Repeat, exactly and in full, the lines of the listing below, but without any pictures.

**DATASET CONTENT**
-------
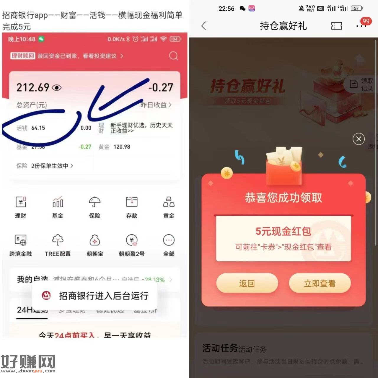 招行5 看看点下眼睛,就会出现活钱两个字
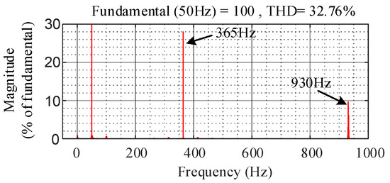 Figure 3 shows the voltage, currents, active power and negative power of TFSCI connected to parallel compensation grid when the HFR occurs. The parameters can be seen in Table A1 in Appendix C. Figure 4 shows the FFT of ia. From Figure 3 and Figure 4, there are two resonance points at 365 Hz and 930 Hz in the system. From Figure 3 it can be found that the resonance at 431 Hz is caused by the zero-sequence components and the resonance at 930 Hz is caused by the positive-sequence and negative-sequence components. Therefore, in order to suppress these resonances, it is necessary to analyze how these resonances occurs.
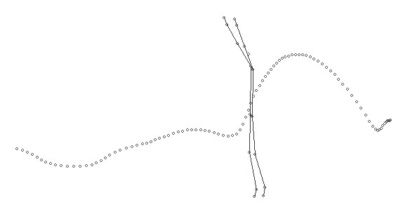 Fig. 1. Kinematic structure and trajectory of the body general centre of mass (GCM) displacement during performance of the connecting move of acrobatic exercises round-off – salto backward tucked on a beam.
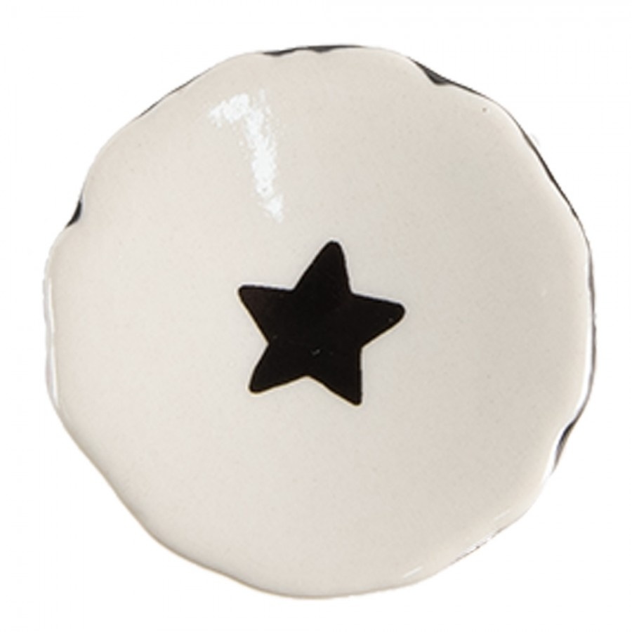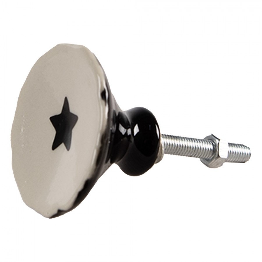 Mooi creme kleurig kastknopje versierd met een zwarte ster uit de prachtige deurknoppen collectie van Clayre & Eef; leuk te combineren met andere deurknopjes uit deze serie.
-------
**RESPONSE TO THE EXERCISE**
 招行5 看看点下眼睛,就会出现活钱两个字
 Figure 3 shows the voltage, currents, active power and negative power of TFSCI connected to parallel compensation grid when the HFR occurs. The parameters can be seen in Table A1 in Appendix C. Figure 4 shows the FFT of ia. From Figure 3 and Figure 4, there are two resonance points at 365 Hz and 930 Hz in the system. From Figure 3 it can be found that the resonance at 431 Hz is caused by the zero-sequence components and the resonance at 930 Hz is caused by the positive-sequence and negative-sequence components. Therefore, in order to suppress these resonances, it is necessary to analyze how these resonances occurs.
 Fig. 1. Kinematic structure and trajectory of the body general centre of mass (GCM) displacement during performance of the connecting move of acrobatic exercises round-off – salto backward tucked on a beam.
 Mooi creme kleurig kastknopje versierd met een zwarte ster uit de prachtige deurknoppen collectie van Clayre & Eef; leuk te combineren met andere deurknopjes uit deze serie.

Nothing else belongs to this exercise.